On 29/01/2021 18:27, Vincent Guittot wrote:
> Le vendredi 29 janv. 2021 ï¿½ 11:33:00 (+0100), Vincent Guittot a ï¿½crit :
>> On Thu, 28 Jan 2021 at 16:09, Joel Fernandes <joel@joelfernandes.org> wrote:
>>>
>>> Hi Vincent,
>>>
>>> On Thu, Jan 28, 2021 at 8:57 AM Vincent Guittot
>>> <vincent.guittot@linaro.org> wrote:
>>>>> On Mon, Jan 25, 2021 at 03:42:41PM +0100, Vincent Guittot wrote:
>>>>>> On Fri, 22 Jan 2021 at 20:10, Joel Fernandes <joel@joelfernandes.org> wrote:
>>>>>>> On Fri, Jan 22, 2021 at 05:56:22PM +0100, Vincent Guittot wrote:
>>>>>>>> On Fri, 22 Jan 2021 at 16:46, Joel Fernandes (Google)
>>>>>>>> <joel@joelfernandes.org> wrote:

[...]

>> The only point that I agree with, is that running
>> update_blocked_averages with preempt and irq off is not a good thing
>> because we don't manage the number of csf_rq to update and I'm going
>> to provide a patchset for this
> 
> The patch below moves the update of the blocked load of CPUs outside newidle_balance().
> 
> Instead, the update is done with the usual idle load balance update. I'm working on an
> additonnal patch that will select this cpu that is about to become idle, instead of a
> random idle cpu but this 1st step fixe the problem of lot of update in newly idle.

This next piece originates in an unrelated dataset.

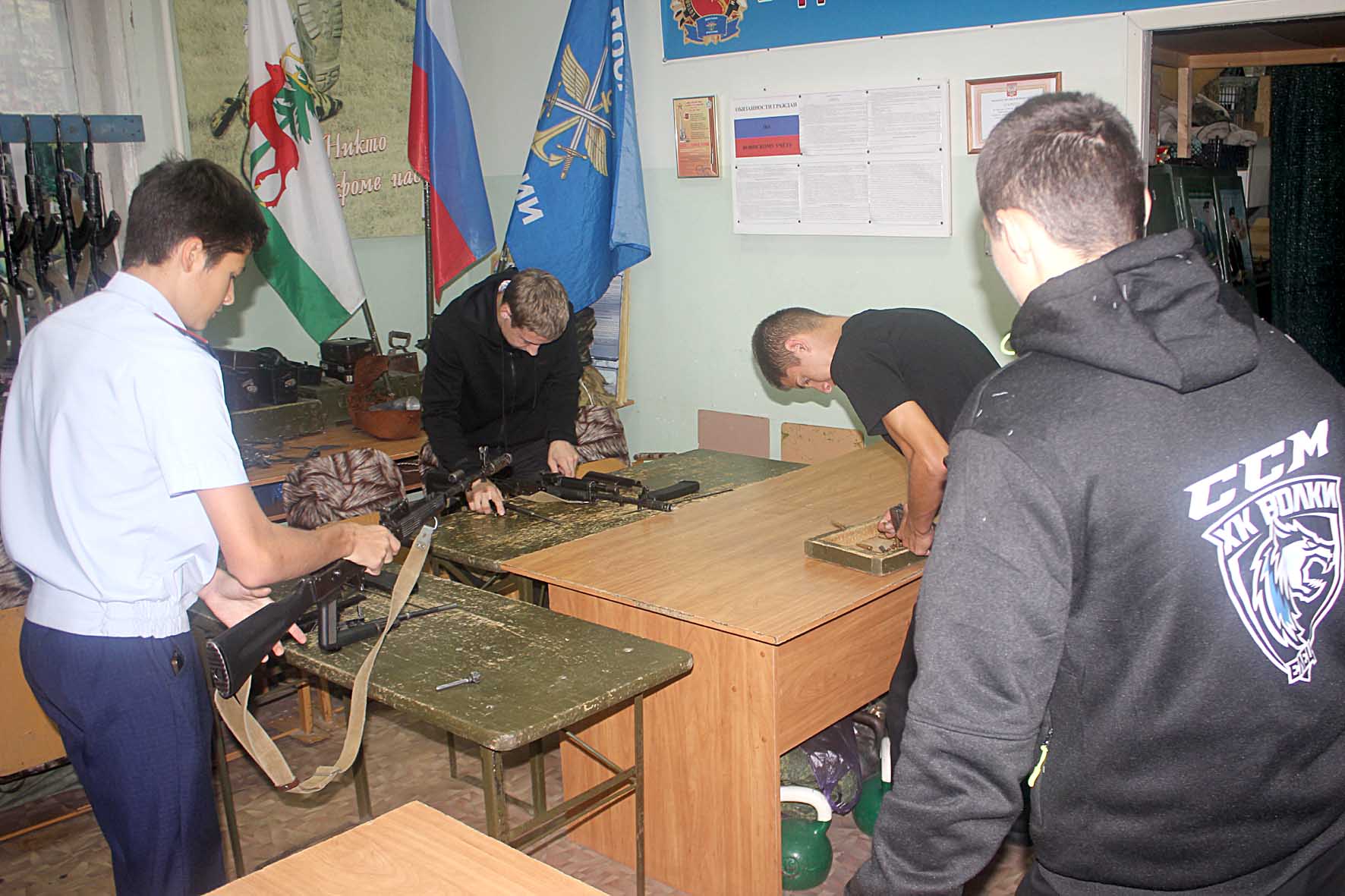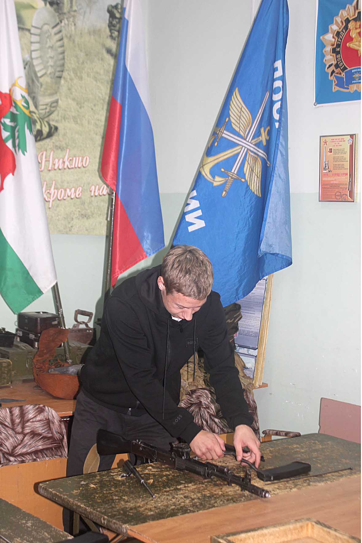 Потому школьники из Ельца в эти дни активно готовятся к соревнованиям. Сегодня в местном отделении ДОСААФ были занятия по тактической медицине, разборке и сборке АК-74, снаряжению магазина, стрельбе из пневматической винтовки.

I'm trying to understand the need for this extra patch.

The patch below moves away from doing update_blocked_averages() (1) for
all CPUs in sched groups of the sched domain:

newidle_balance()->load_balance()->
find_busiest_group()->update_sd_lb_stats()->update_sg_lb_stats()

to:

calling (1) for CPUs in nohz.idle_cpus_mask in _nohz_idle_balance() via
update_nohz_stats() and for the ilb CPU.

newidle_balance() calls (1) for newidle CPU already.

What would be the benefit to choose newidle CPU as ilb CPU?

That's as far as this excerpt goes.